The Earth Liberation Front (ELF) is part of a growing band of activists who are taking to extreme measures to protect the environment and animal rights.
In recent times, they have attacked biomedical laboratories, sent death threats to scientists, harassed whaling vessels and even desecrated graves, according to reports in Britain's Daily Telegraph.
In Britain, groups such as the Animal Liberation Front - a sister organisation of the ELF - waged a campaign of arson and vandalism during the four years it took to build a controversial £20 million (S$56 million) biomedical laboratory at Oxford University.
The laboratory, on which work started in 2004, was to house all of the university's existing animal-testing labs.
But the saboteurs did not confine their attacks to the new building, striking as well at university staff, students and independent contractors working in other fields.
A college boathouse was set ablaze, an explosive device was found in a sports pavilion and a number of professors who worked with animals received death threats and letter bombs.
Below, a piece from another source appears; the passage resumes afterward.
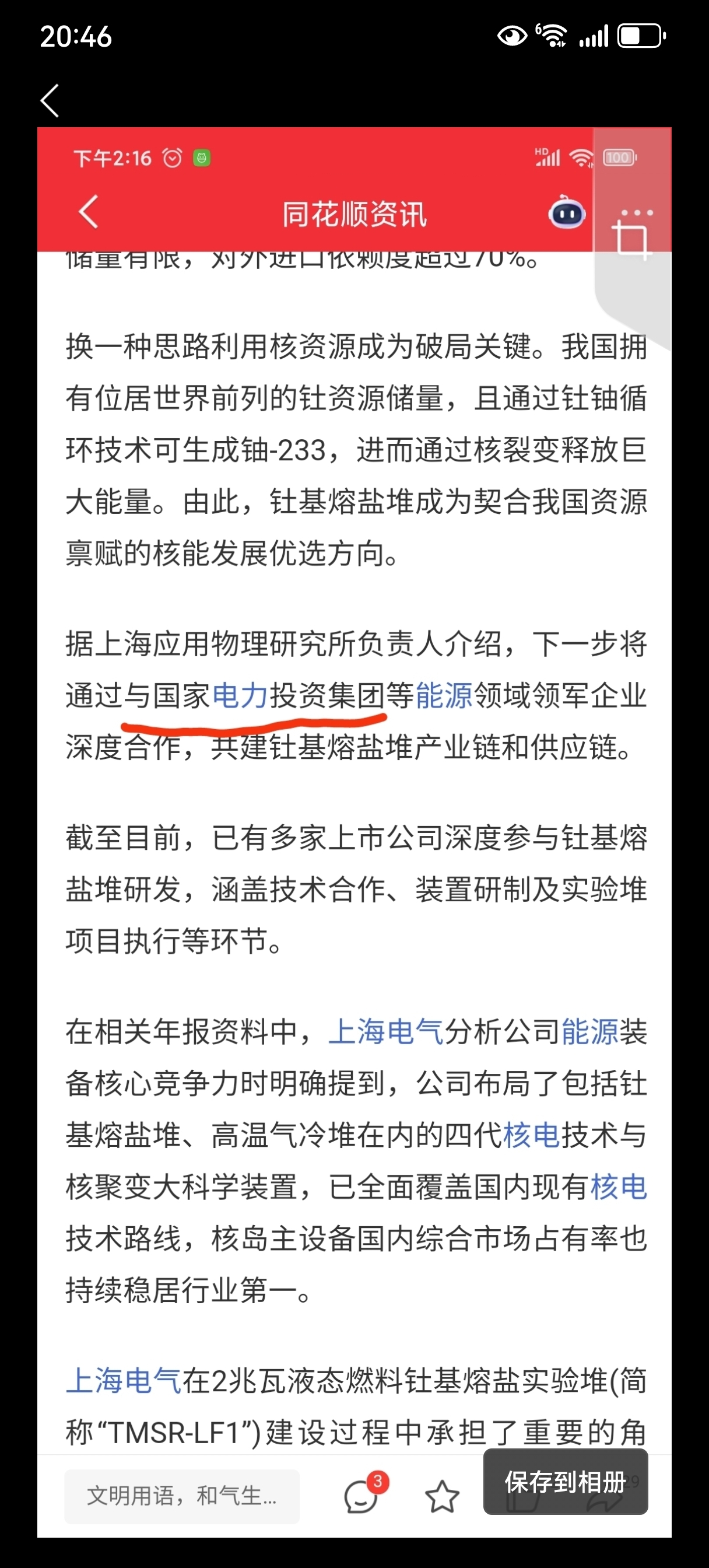 $中国核电(SH601985)$ 电投产融才是正宗第四代核电钍基熔盐堆概念股

In 2006, in Britain, the remains were found of a woman whose grave had been desecrated 19 months earlier by animal rights activists.
Mrs Gladys Hammond, who was 82 when she died, had a son who owned a farm breeding guinea pigs for medical research.
More recently, Japanese whaling ships have come under attack from an Australian group called the Sea Shepherd Conservation Society.
A formal complaint was made to Australia by Japan earlier this month after members of the group hurled chemicals and bottles of rancid butter onto the whaling ship Nisshin Maru in the Southern Ocean.
Three members of the Japanese vessel's crew had to be treated for irritation to their eyes from the rancid butter, which turns into butyric acid.